■ Provided material

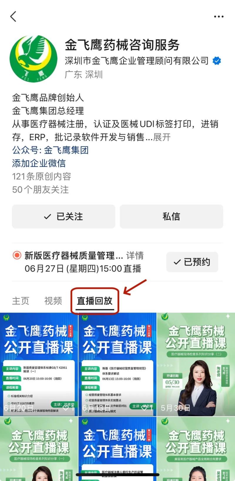 往期直播培訓課程支持回放,關(guān)注“金飛鷹藥械咨詢服務(wù)”視頻號并點擊視頻號主頁,即可查看“直播回放”哦~
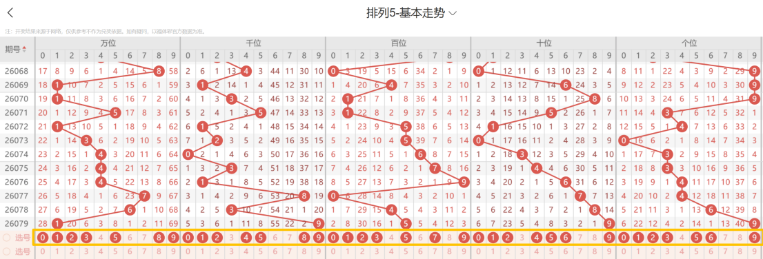带着粉丝发大财体彩排3、排5第26080期选号条件分析
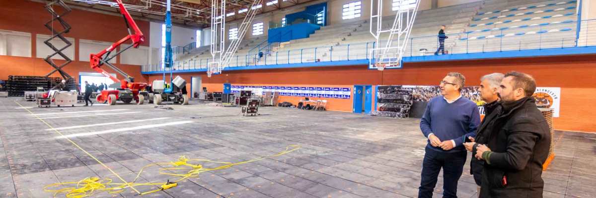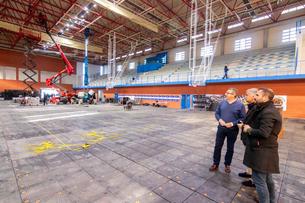 El alcalde de Benidorm, Toni Pérez, ha visitado este lunes el recinto deportivo para comprobar ‘in situ’ el avance de estos trabajos, acompañado de los ediles de Festivales y Eventos, Jesús Carrobles, y de Deportes, Javier Jordá. Allí, la delegación municipal ha conocido los plazos que se manejan para la transformación de esta infraestructura, unos trabajos que se prolongarán durante unos veinte días más y en los que trabajan unos 150 de operarios de RTVE, que se incrementarán hasta los 300 a partir de la semana próxima.
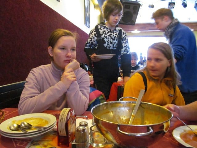Když jsme se opět všichni sešli v budově, převlékli jsme se do suchého a přišel teplý oběd. Na oběd jsme měli rajskou omáčku s knedlíkem a sekanou. Následovalo osobní volno a večer jsme leptali sklo, což byla zajímavá rukodělka, kterou si pro nás připravila Štefka. Každý dostal skleněnou dózu a na ni si namaloval různé ornamenty.
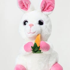 Soft and plush, this bunny toy holds a carrot in hand. Easy to carry and cuddle, it makes the perfect gift for your little one.
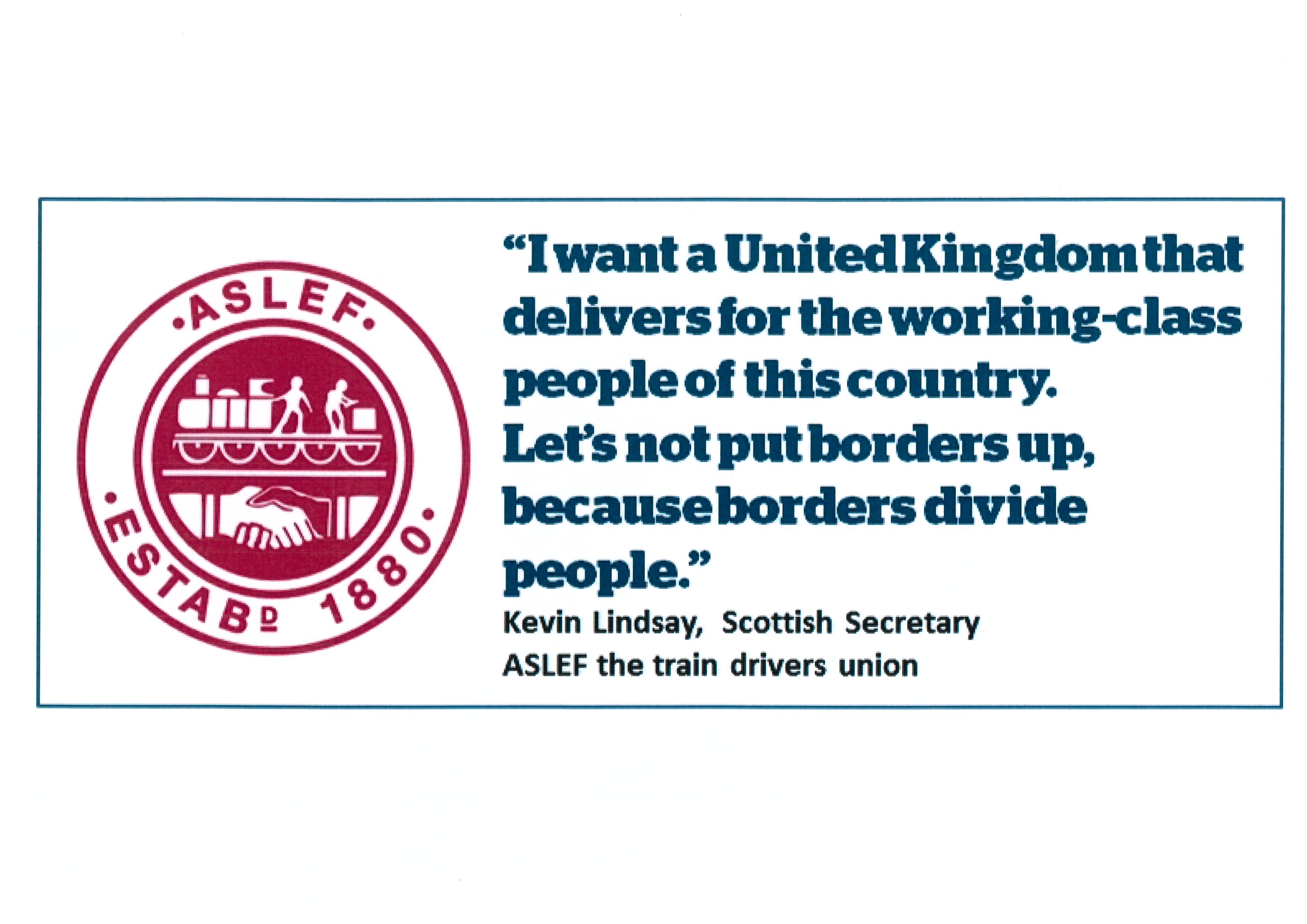This poster design features a cartoon of a transit crate with a bar chart explaining the value of exports to the UK and rest of the world. The text above the picture reads: "Scottish business export twice as much to the rest of the United Kingdom as to the rest of the World."This poster design features the logo of ASLEF, with a quote from Kevin Lindsay, the Scottish secretary of the union: "I wwant a United Kingdom that delivers for the working-class people of this country. let's not pur borders up, because borders divide people."
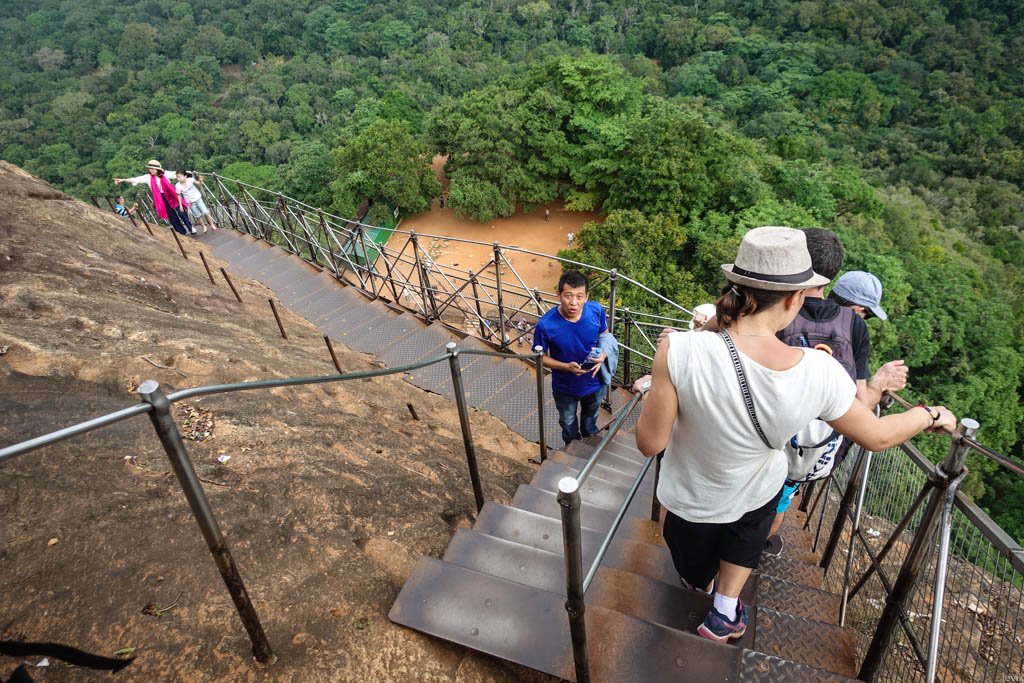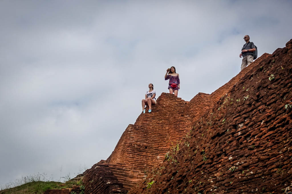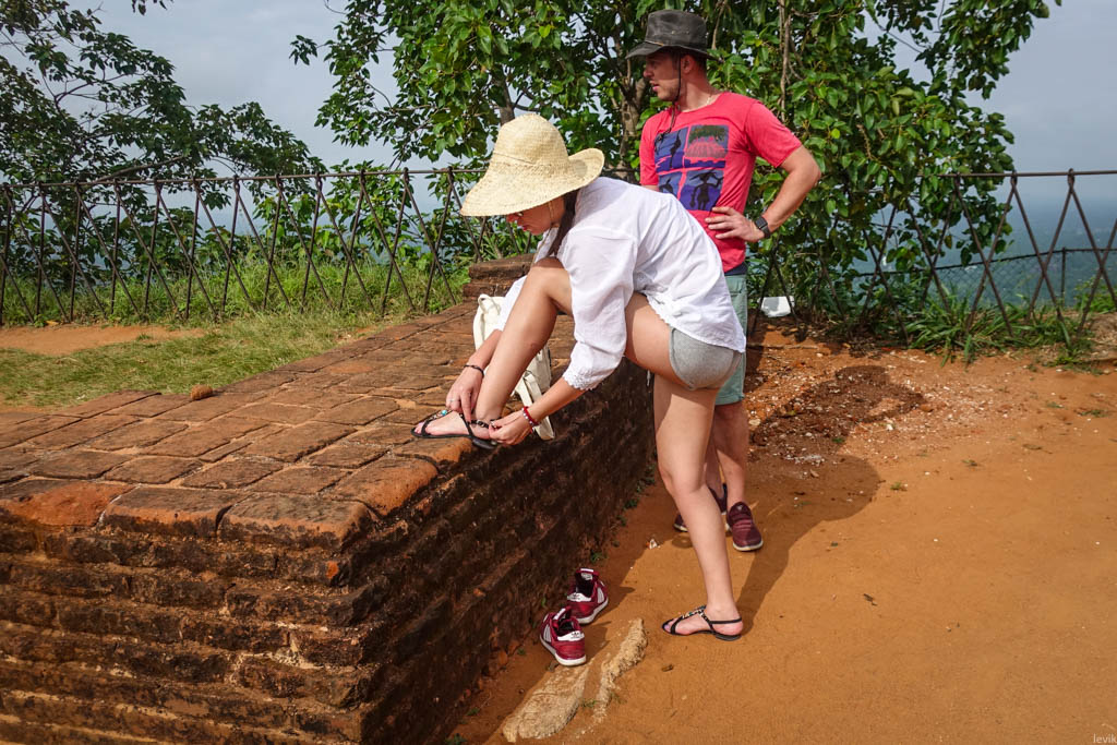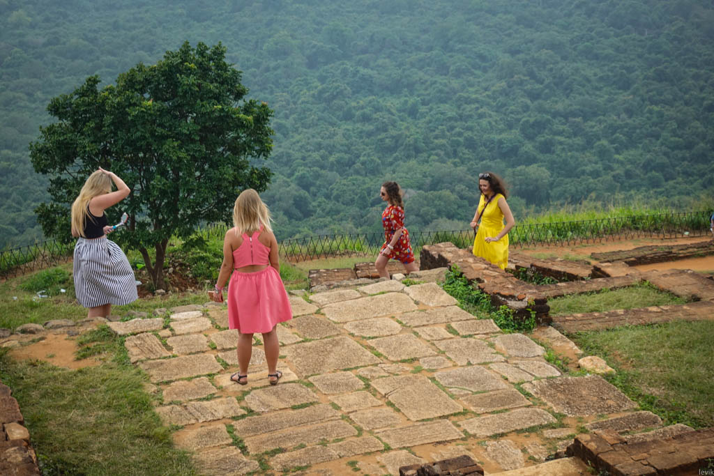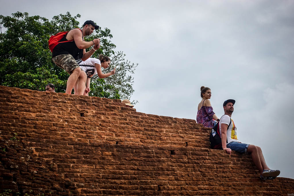 39. Пара слов о туристах. Подъём на вершину Сигирии довольно крутой, занимает минут сорок, а погода, даже рано утром, мягко говоря тёплая. Так что большинство посетителей поднимаются наверх Львиной Скалы в удобной спортивной одежде. Но есть исключения, которые очень выбиваются из этого тренда. Это молодые девушки, в ярких нарядных платьях, вооружённые смартфонами последних моделей, и палками-селфификаторами.
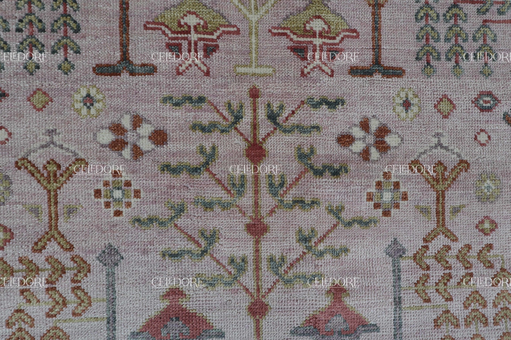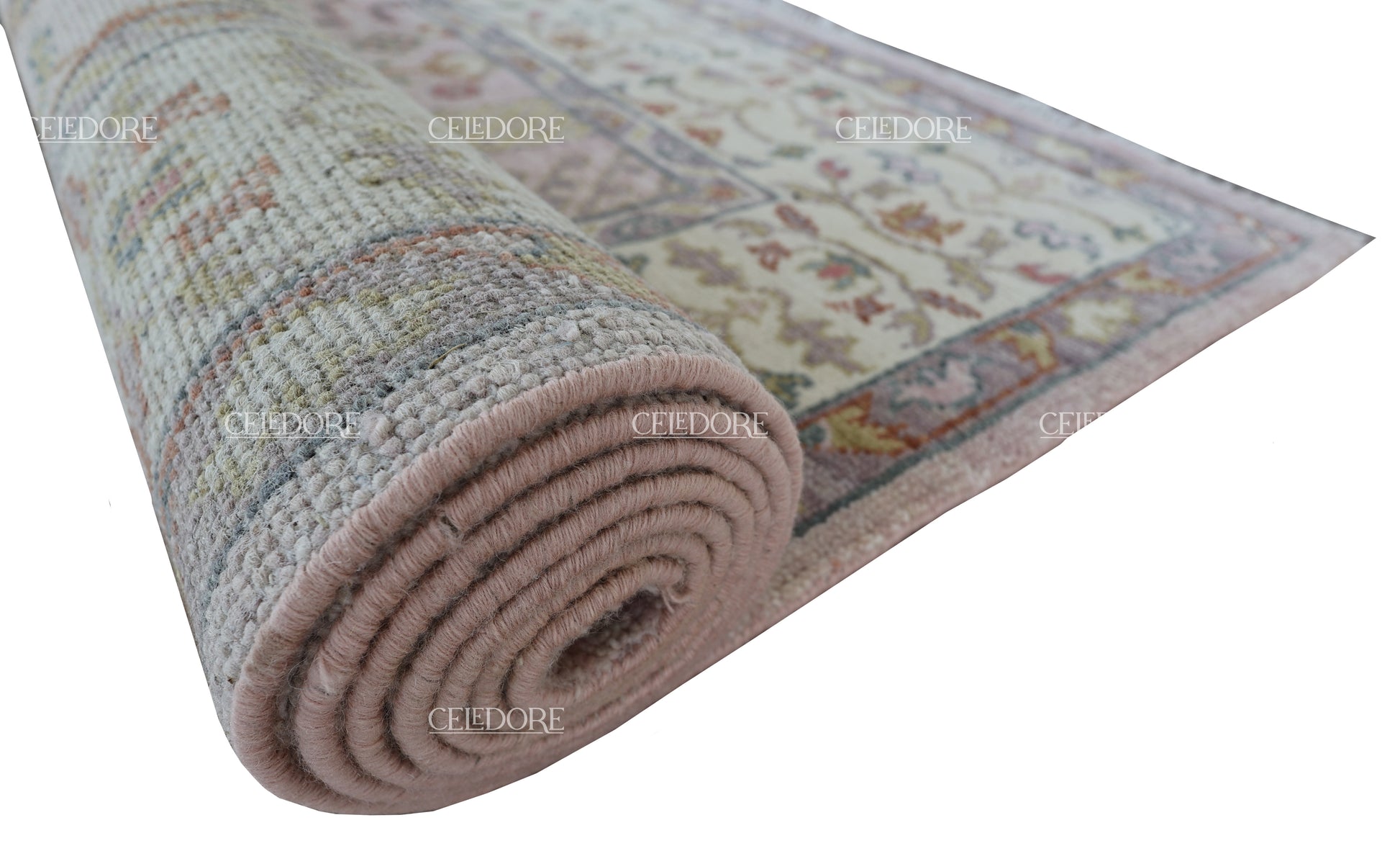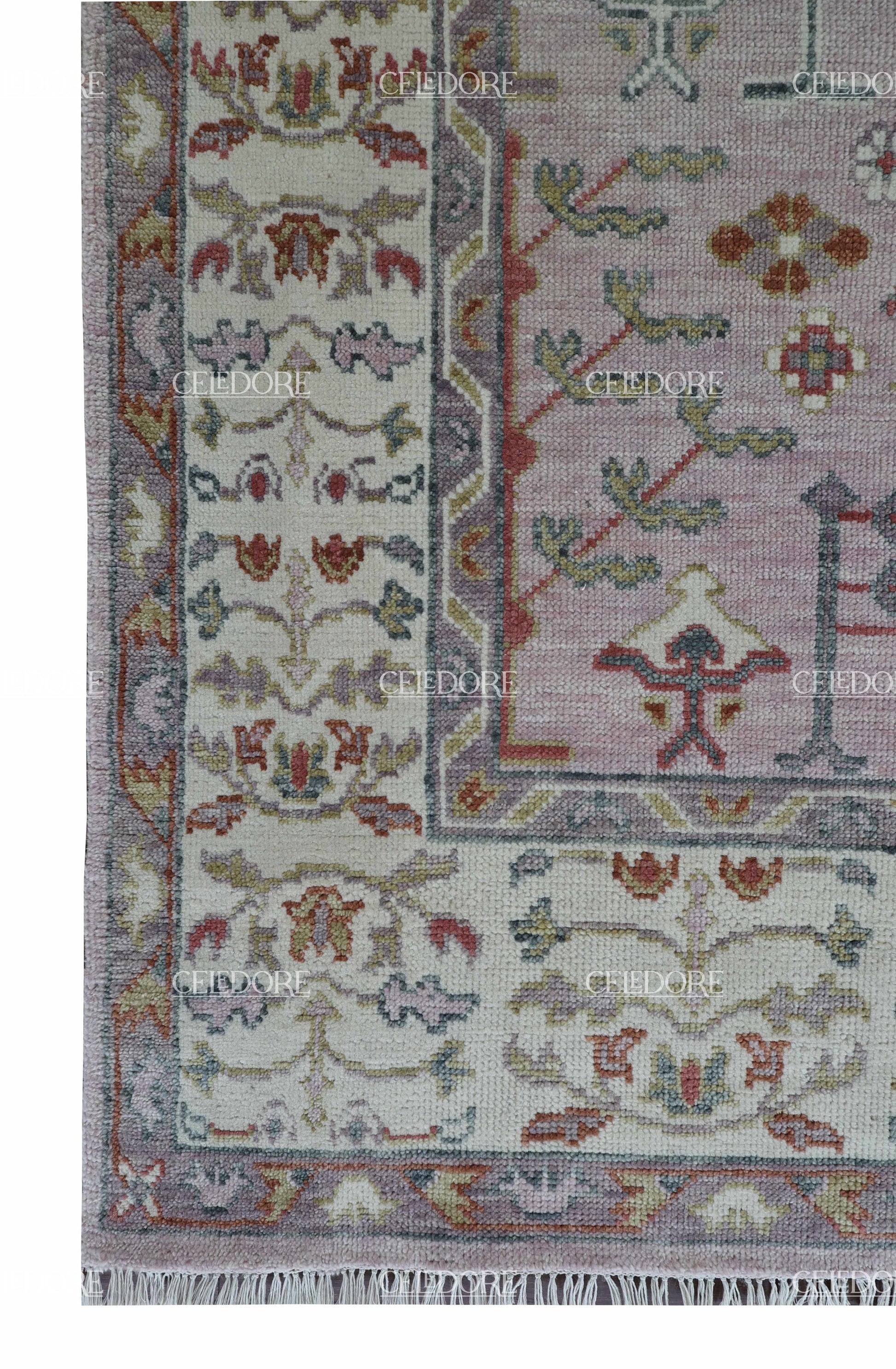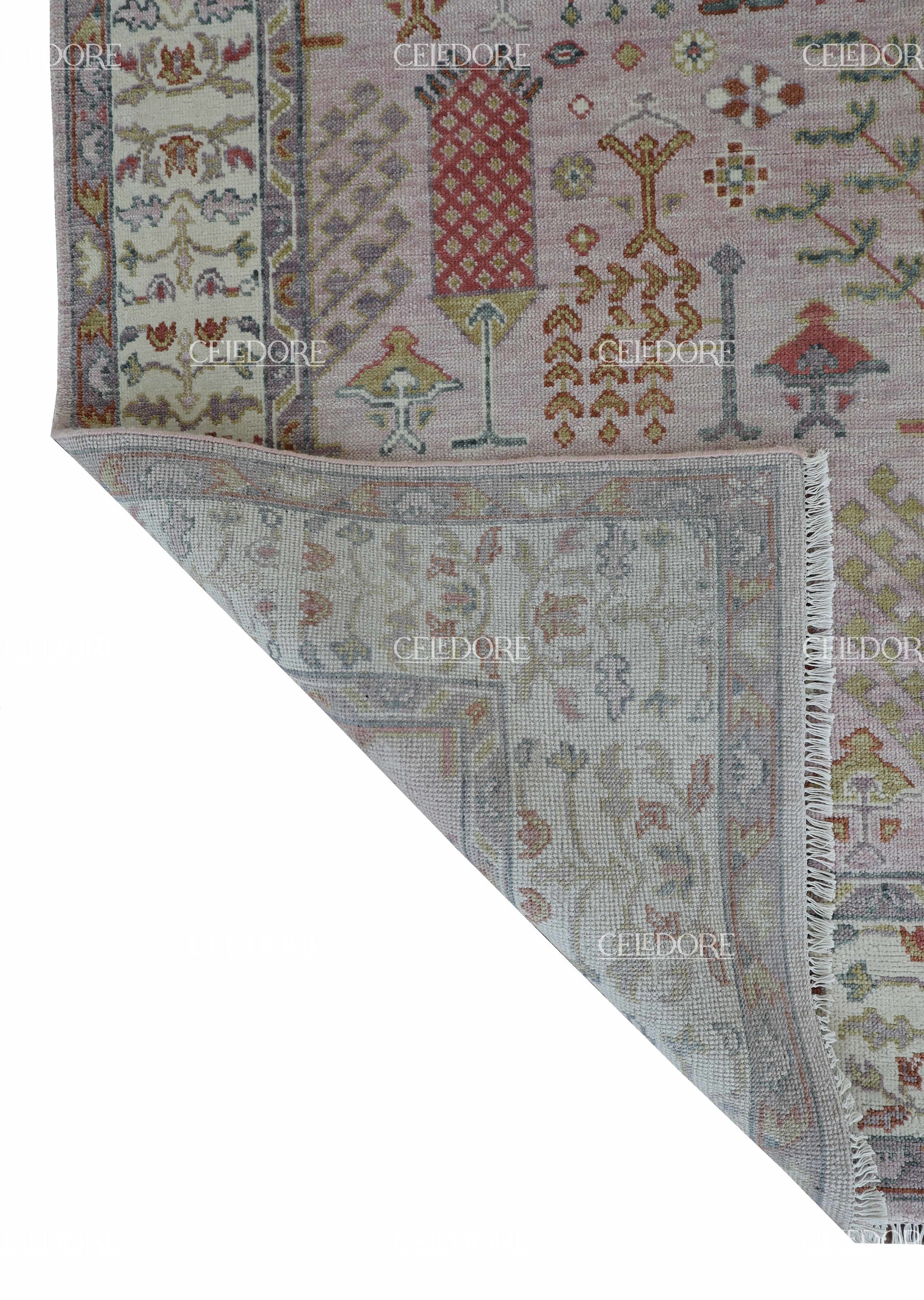 Hand-Knotted Oushak Rug, meticulously crafted with the finest quality wool. This rug embodies the rich tapestry of Indian craftsmanship, blending traditional design with a contemporary twist, reminiscent of the vibrant villages of India.
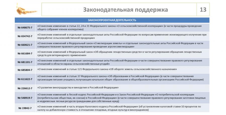 обработке сельхозпродукции, и многие другие. Целый перечень законодательных
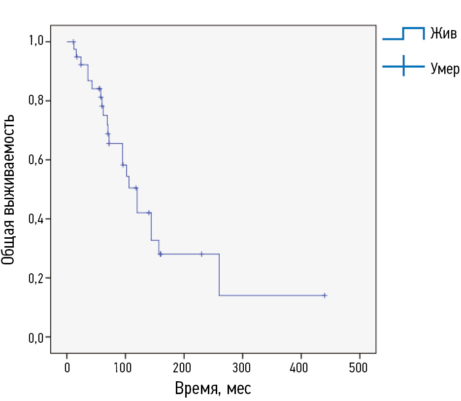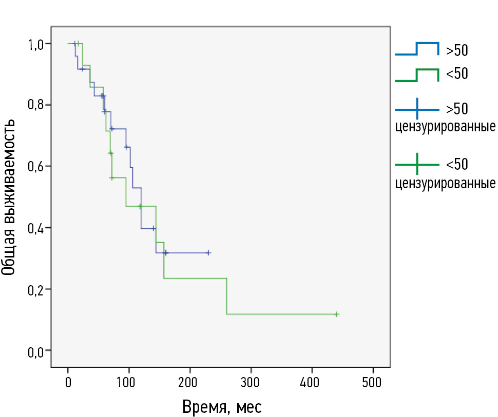 Возраст — один из основных и независимых прогностических факторов. Так, медиана ОВ была выше в возрастной группе до 50 лет, в сравнении с более старшей возрастной группой: 120 мес и 95 мес соответственно, хотя и без статистической значимости (p >0,05). Более подробно данные отражены в рис. 2.
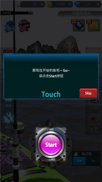 1、进入主界面点击“Start”开启钓鱼,右侧查看已装备渔具,左侧可切换世界地图、商城等功能区。

■ Exercise
Type the lines above out again exactly as they appear, skipping every picture.

■ Answer for this exercise
 往期直播培訓課程支持回放,關(guān)注“金飛鷹藥械咨詢服務(wù)”視頻號并點擊視頻號主頁,即可查看“直播回放”哦~
带着粉丝发大财体彩排3、排5第26080期选号条件分析
 El alcalde de Benidorm, Toni Pérez, ha visitado este lunes el recinto deportivo para comprobar ‘in situ’ el avance de estos trabajos, acompañado de los ediles de Festivales y Eventos, Jesús Carrobles, y de Deportes, Javier Jordá. Allí, la delegación municipal ha conocido los plazos que se manejan para la transformación de esta infraestructura, unos trabajos que se prolongarán durante unos veinte días más y en los que trabajan unos 150 de operarios de RTVE, que se incrementarán hasta los 300 a partir de la semana próxima.
Když jsme se opět všichni sešli v budově, převlékli jsme se do suchého a přišel teplý oběd. Na oběd jsme měli rajskou omáčku s knedlíkem a sekanou. Následovalo osobní volno a večer jsme leptali sklo, což byla zajímavá rukodělka, kterou si pro nás připravila Štefka. Každý dostal skleněnou dózu a na ni si namaloval různé ornamenty.
 Soft and plush, this bunny toy holds a carrot in hand. Easy to carry and cuddle, it makes the perfect gift for your little one.
This poster design features a cartoon of a transit crate with a bar chart explaining the value of exports to the UK and rest of the world. The text above the picture reads: "Scottish business export twice as much to the rest of the United Kingdom as to the rest of the World."This poster design features the logo of ASLEF, with a quote from Kevin Lindsay, the Scottish secretary of the union: "I wwant a United Kingdom that delivers for the working-class people of this country. let's not pur borders up, because borders divide people."
 39. Пара слов о туристах. Подъём на вершину Сигирии довольно крутой, занимает минут сорок, а погода, даже рано утром, мягко говоря тёплая. Так что большинство посетителей поднимаются наверх Львиной Скалы в удобной спортивной одежде. Но есть исключения, которые очень выбиваются из этого тренда. Это молодые девушки, в ярких нарядных платьях, вооружённые смартфонами последних моделей, и палками-селфификаторами.
 Hand-Knotted Oushak Rug, meticulously crafted with the finest quality wool. This rug embodies the rich tapestry of Indian craftsmanship, blending traditional design with a contemporary twist, reminiscent of the vibrant villages of India.
 обработке сельхозпродукции, и многие другие. Целый перечень законодательных
 Возраст — один из основных и независимых прогностических факторов. Так, медиана ОВ была выше в возрастной группе до 50 лет, в сравнении с более старшей возрастной группой: 120 мес и 95 мес соответственно, хотя и без статистической значимости (p >0,05). Более подробно данные отражены в рис. 2.
 1、进入主界面点击“Start”开启钓鱼,右侧查看已装备渔具,左侧可切换世界地图、商城等功能区。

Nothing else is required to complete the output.